Important Information and Where to Find It
In connection with the proposed transaction, the Company has filed a preliminary proxy statement and plans to file a definitive proxy statement with respect to the shareholders meeting of the Company to vote on the proposed transaction. Shareholders of the Company and other interested persons are encouraged to read the preliminary proxy statement, any amendments thereto and the definitive proxy statement as well as other documents to be filed with the SEC because these documents contain, or will contain, important information about the Company, Forbes and the proposed transaction. The definitive proxy statement will be mailed to shareholders of the Company as of a record date to be established for voting on the proposed transaction. Once available, shareholders of the Company will also be able to obtain a copy of the proxy statements and other documents filed with the SEC without charge, by directing a request to: Unit 1009, ICBC Tower, Three Garden Road, Central, Hong Kong. The preliminary and definitive proxy statements can also be obtained, without charge, at the SEC’s website (www.sec.gov).

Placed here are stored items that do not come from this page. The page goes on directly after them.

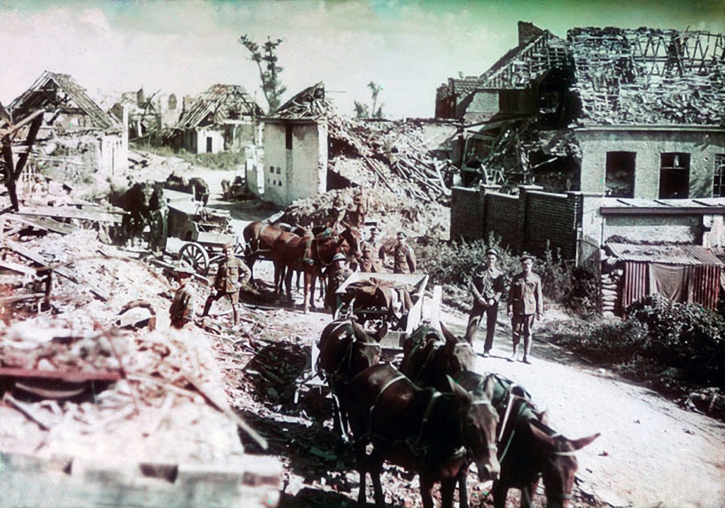 Soldiers, mules and carts in the ruined village of Voormezeele South of Ypres on the Western Front, World War I. Belgium,
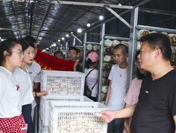 乡村人才招引助理员深入食用菌大棚了解情况。
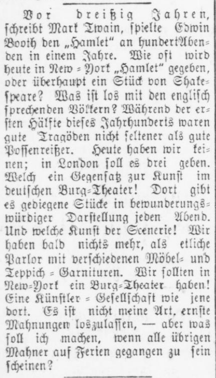 | Vor dreißig Jahren, schreibt Mark Twain, spielte Edwin Booth den „Hamlet“ an hundert Abenden in einem Jahre. Wie oft wird heute in New-York „Hamlet“ gegeben, oder überhaupt ein Stück von Shakespeare? Was ist los mit den englisch sprechenden Völkern? Während der ersten Hälfte dieses Jahrhunderts waren gute Tragöden nicht seltener als gute Possenreißer. Heute haben wir keinen; in London soll es drei geben. Welch ein Gegsatz zur Kunst im deutschen Burg-Theater! Dort gibt es gediegene Stücke in bewunderungswürdiger Darstellung jeden Abend. Und welche Kunst der Scenerie! Wir haben bald nichts mehr, als etliche Parlor mit verschiedenen Möbel- und Teppich-Garnituren. Wir sollten in New-York ein Burg-Theater haben! Eine Künstler-Gesellschaft wie jene dort. Es ist nicht meine Art, ernste Mahnungen loszulassen, - aber was soll ich machen, wenn alle übrigen Mahner auf Ferien gegangen zu sein scheinen? | Thirty years ago, writes Mark Twain, Edwin Booth performed “Hamlet” on one hundred evenings in one year. How often is “Hamlet” performed in New York today, or any play by Shakespeare for that matter? What is wrong with the English-speaking nations? During the first half of this century, good tragedians were not rarer than good comedians. Today we have none; there are said to be three in London. What a contrast to the art of the German Burg Theater! There are dignified plays in admirable performances every evening. And what an art of scenery! We will soon have nothing more than several parlors with various furniture and carpet sets. We should have a Burg Theater in New York! A society of artists like that one. It is not my habit to issue earnest warnings, - but what am I to do when all the other voices of caution seem to have gone on vacation? |
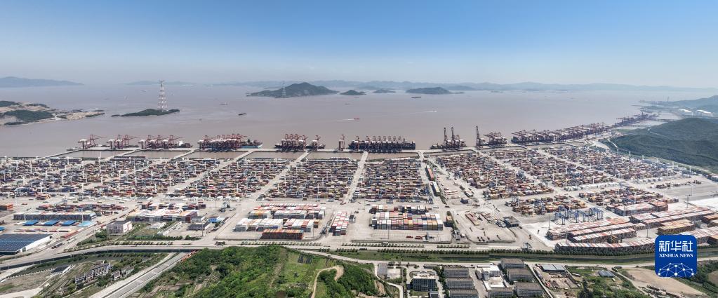 5月9日拍攝的寧波舟山港穿山港區(無(wú)人機全景照片)。新華社記者 翁忻旸 攝
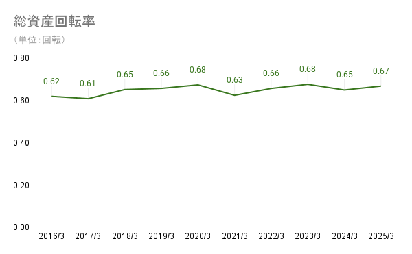 総資産回転率は横ばいを続けています。資産効率自体は向上していないことが分かります。
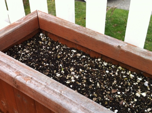 This may look like just an empty planter on the lonely front deck, but if you look carefully you can see the first shoot of our many pea pods that we planted several weeks ago. It has been so long that we were beginning to suspect that they all died from the snap frost and non-stop rain that we’ve been having this Spring. There are now a few little tendrils from his 19 other brothers in the planter and their 36 sisters in the backyard, so hopefully the kids will have some produce that they can pick later in the year.
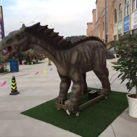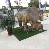 上形成恐龙的表皮,再喷上颜色,最后植入控制程序,这样一条完整的仿真恐龙就出来了。这样的恐龙可以做到眼睛、头、嘴、脖子、爪子、腹部、腿、尾巴等动作再加上合适的叫声就非常的生动了!
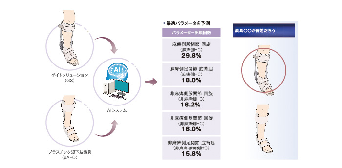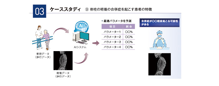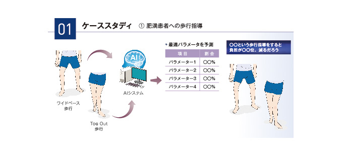 アニマでは、人工知能(AI)技術を用いたリハビリテーション評価の臨床応用に関する研究開発を行っています。この技術を使うことで、治療方針決定のために有効なパラメーターを動作分析データの中から選び出し、どのような治療方法を目の前の患者さんに選択するべきかという情報を得ることができます。これによって、人間をサポートする知的システム(IA:知能増幅器(Intelligence Amplifier))を構築することを目標としています。
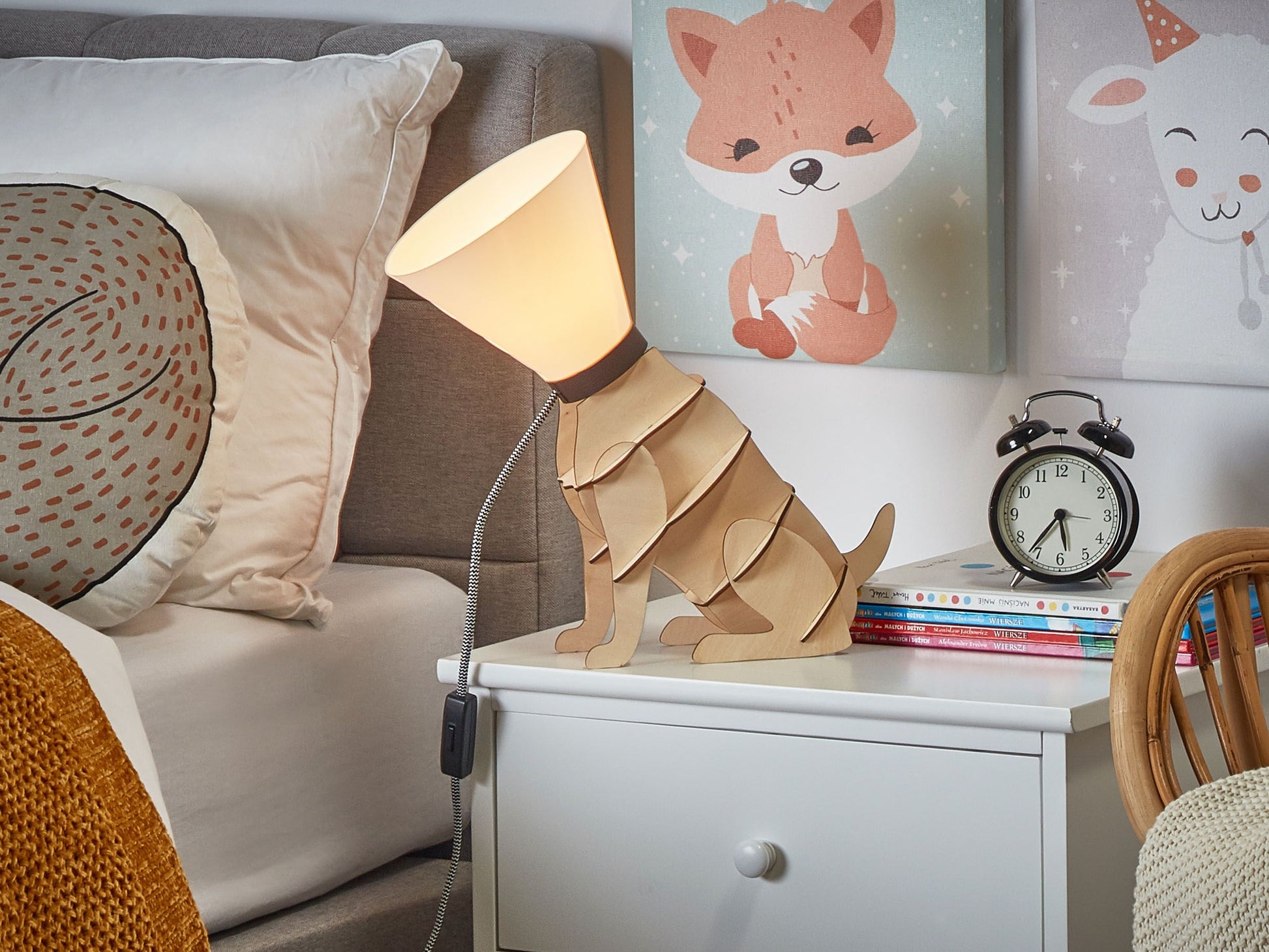 Wie ein kleiner Hund, der brav darauf wartet, dass man abends das Licht anmacht, schmückt diese fröhliche Leuchte Ihre Leseecke, Kommode, Fensterbank oder einen Nachttisch. Gefertigt aus Sperrholz und weissem Kunststoff setzt die Tisch- oder Nachttischlampe fröhliche Akzente.  Material: Sperrholz. Zusätzliches Material: Kunststoff.  Gewicht: 1 Montage: Nicht montiert Das Angebot beinhaltet: 1 x Tischleuchte, Nicht im Lieferumfang enthalten: Leuchtmittel Höhe: 38 zusätzliche Information: Diese Leuchte ist geeignet für Leuchtmittel der Energieklassen A bis G auf einer Skala von A (sehr effizient) bis G (weniger effizient). Geeignet für: LED Leuchtmittel, Eco-Halogen Leuchtmittel, Energiesparleuchtmittel., Die Stromkabel dürfen nur von einem qualifizierten Elektriker angepasst werden. Breite: 17 Tiefe: 21 Art: Tischleuchte Stil: Modern Allgemeine Farbe: Heller Holzfarbton Hauptmaterial: Sperrholz Fassung: Max. 40 W IP Protection Code: IP 20
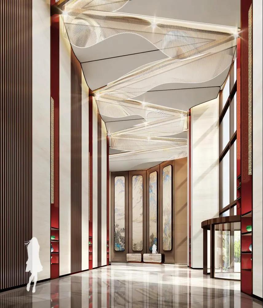 凤楼观晓日,紫气正东呈。G层大堂吊顶造型源自古老而神秘的凤鸟图腾,片片曲弧如翼似飞,形态万千。带状水晶灯萦绕其间,似银河泛波,又似朝霞微露,宁静深邃,缓缓飘至大堂门头。

Participants in the Solicitation
The Company and Forbes and their respective directors and executive officers may be considered participants in the solicitation of proxies with respect to the potential transaction described in this Current Report under the rules of the SEC. Information about the directors and executive officers of the Company and their ownership is set forth in the Company’s filings with the SEC, including its final prospectus relating to its initial public offering dated March 23, 2021. Additional information regarding the persons who may, under the rules of the SEC, be deemed participants in the solicitation of the Company’s shareholders in connection with the potential transaction is set forth in the preliminary proxy statement and will be set forth in the definitive proxy statement when it is filed with the SEC. These documents are available free of charge at the SEC’s website at www.sec.gov or by directing a request to: Unit 1009, ICBC Tower, Three Garden Road, Central, Hong Kong.
No Offer or Solicitation
This Current Report is not a proxy statement or solicitation of a proxy, consent or authorization with respect to any securities or in respect of the potential transaction and does not constitute an offer to sell or a solicitation of an offer to buy any securities of the Company or Forbes, nor shall there be any sale of any such securities in any state or jurisdiction in which such offer, solicitation or sale would be unlawful prior to registration or qualification under the securities laws of such state or jurisdiction. No offer of securities shall be made except by means of a prospectus meeting the requirements of the Securities Act.
Item 9.01 Financial Statements and Exhibits.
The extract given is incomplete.